Received: May 18, 2021
Peer-review started: May 18, 2021
First decision: June 22, 2021
Revised: July 4, 2021
Accepted: February 15, 2022
Article in press: February 15, 2022
Published online: March 27, 2022

Abstract

BACKGROUND

Acute kidney injury (AKI) in cirrhosis is important complication with poor outcomes. And infections are common cause for acute decompensation.
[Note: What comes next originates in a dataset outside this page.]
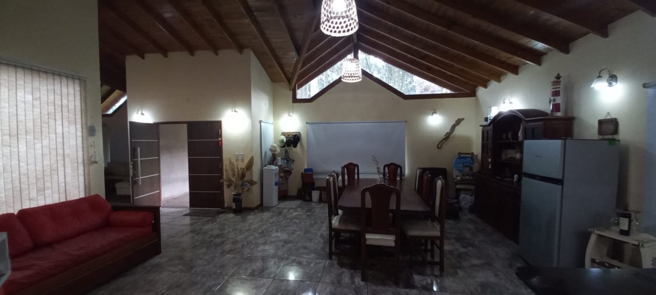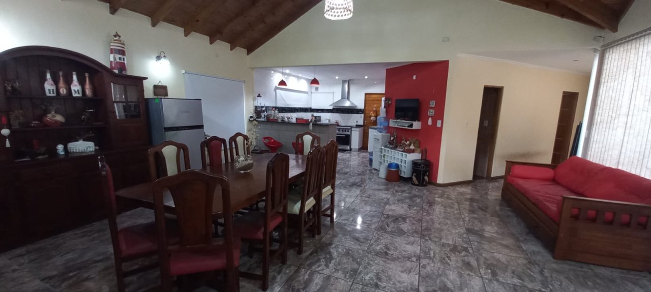 Luego nos encontramos con un espacioso y comodo comedor, el mismo tiene mesa de algarrobo con mueble ysillas haciendo juego,
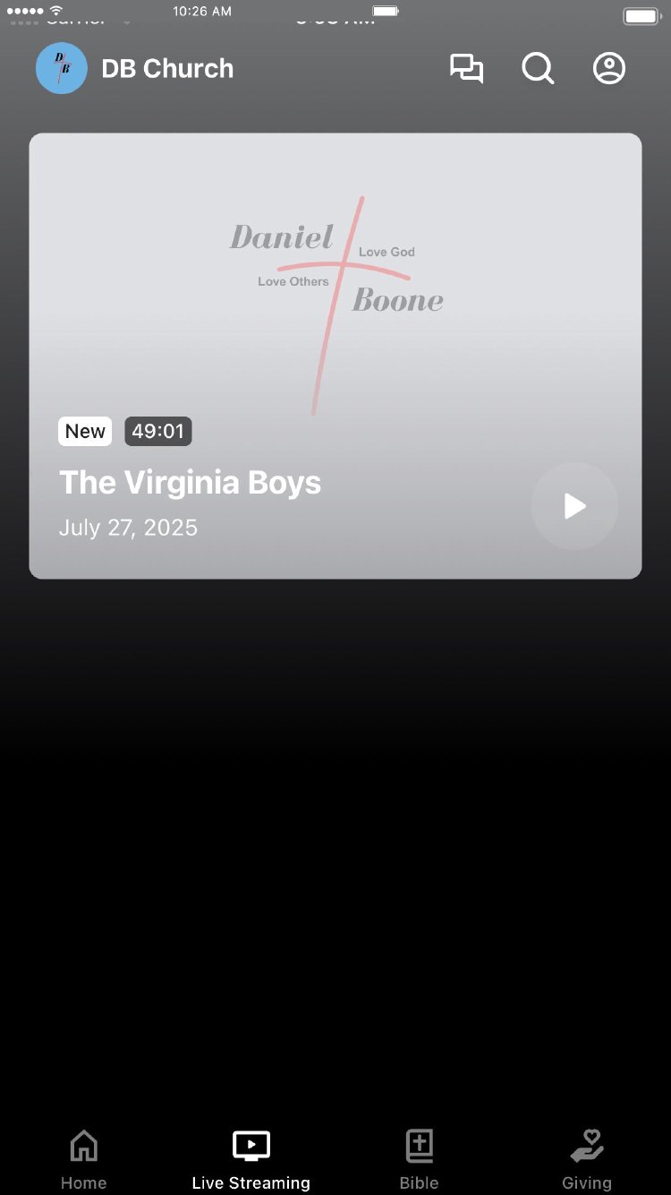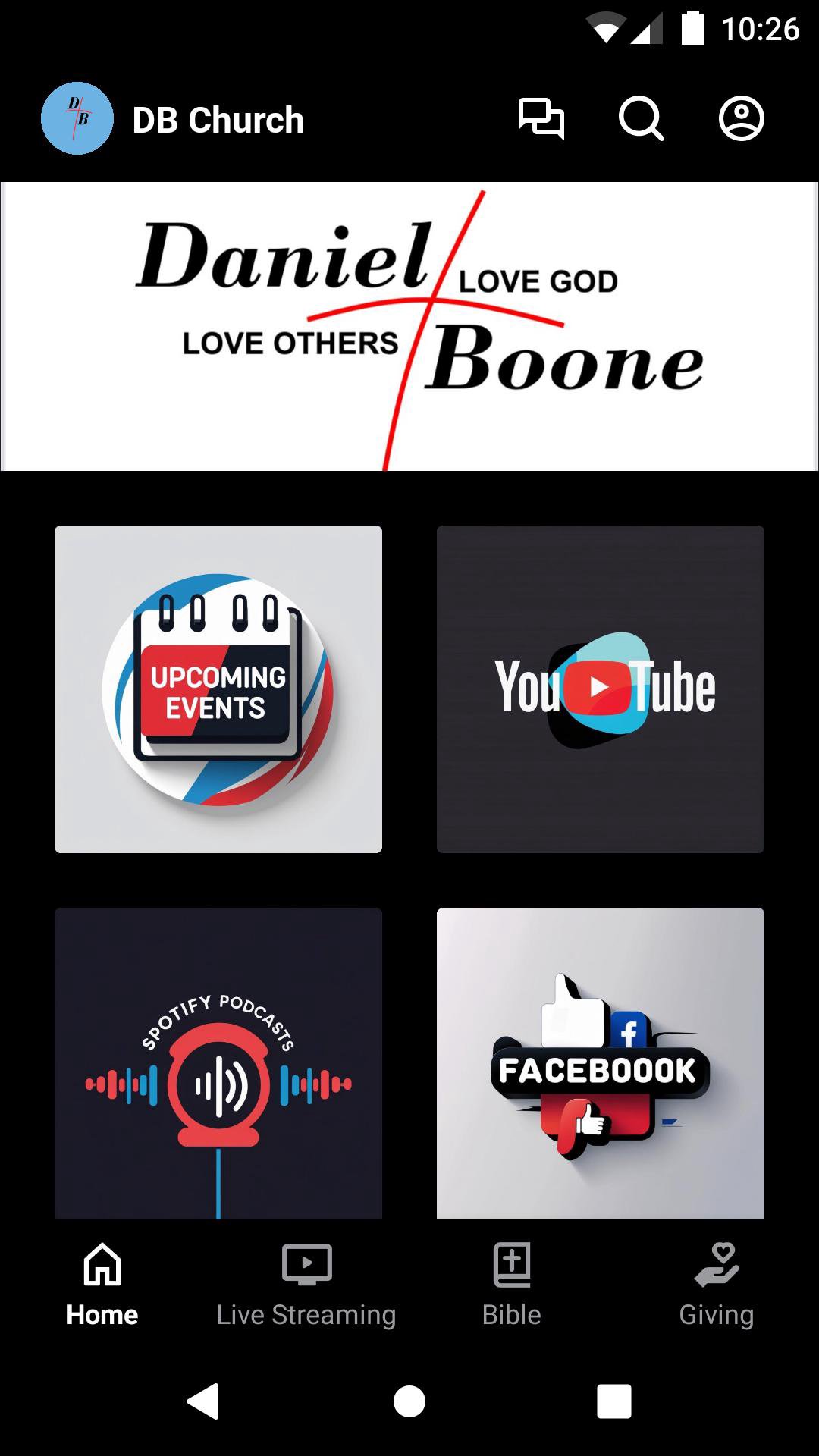 This app will help you stay connected with the day-to-day life of Daniel Boone Baptist Church. With this app, you can watch or listen to both live and past sermons, stay updated with push notifications, read the Bible, and view our calendar.

Infections in cirrhosis lead to acute deterioration of hemodynamics leading to precipitation of AKI.

AIM

To study predictors of mortality in patients with infection-associated AKI in cirrhosis.

METHODS

This was a prospective, observational study conducted at tertiary care centre from January 2018 till April 2019. Total 119 participants with cirrhosis of liver presenting with AKI were included into the study. AKI was defined as per international club of Ascites-AKI criteria 2015. Patients were grouped into infection AKI and non-infection AKI. Non-infection AKI included patients with diuretic induced AKI and pre-renal AKI. Logistic regression analysis was used to determine predictors of mortality at 28-d.

RESULTS

Out of 119 patients, alcohol (n = 104) was most common etiology of cirrhosis. The infection AKI included 67 (56%) patients and non-infection AKI (n = 52) included pre-renal AKI in 36 (30%) and diuretic-induced AKI in 16 (14%) patients. Infection AKI had significantly higher bilirubin, higher international normalized ratio (INR), low serum sodium, higher total leukocyte count (TLC) and higher prevalence of hepatic encephalopathy (HE) as compared to non-infection AKI. Infection AKI had higher progression of AKI (19/67 vs 2/52; P = 0.01) and 28-d mortality (38/67 vs 4/5; P ≤ 0.01) as compared to non-infection AKI. At 28-d, non-survivors (n = 42) had significantly higher bilirubin, higher INR, low serum sodium, higher TLC and higher prevalence of HE as compared to survivors (n = 77). On subgroup analysis of Infection AKI group, on multivariate analysis, serum bilirubin as well as presence of HE were independent predictors of 28-d mortality. There was no significant difference of mortality at 90-d between two groups.

CONCLUSION

Infection AKI in cirrhosis has a dismal prognosis with higher 28-d mortality as compared to non-infection AKI. Serum bilirubin and presence of HE predict 28-d mortality in infection AKI.

Keywords: Infection, Acute kidney injury, Mortality, Cirrhosis, Bilirubin, Hepatic encephalopathy

Core Tip: The infections in cirrhosis are the most common cause for acute decompensation and organ failure. Acute kidney injury (AKI) in cirrhosis is itself an indicator for worsening hemodynamics. In the present study, we compared infection associated AKI and non-infection AKI. We found higher 28-d mortality in infection AKI than non-infection AKI. In addition to altered hemodynamics, pathogen associated molecular patterns and damage-associated molecular patterns produced as a result of sepsis contribute to multiorgan failure, especially renal dysfunction. Moreover, higher bilirubin and presence of hepatic encephalopathy predicted 28-d mortality in patients with infection AKI. This provides an insight that the combination of infection and AKI in cirrhosis portends a dismal prognosis and therefore, on admission, early identification of infection and aggressive management may improve outcome in these patients.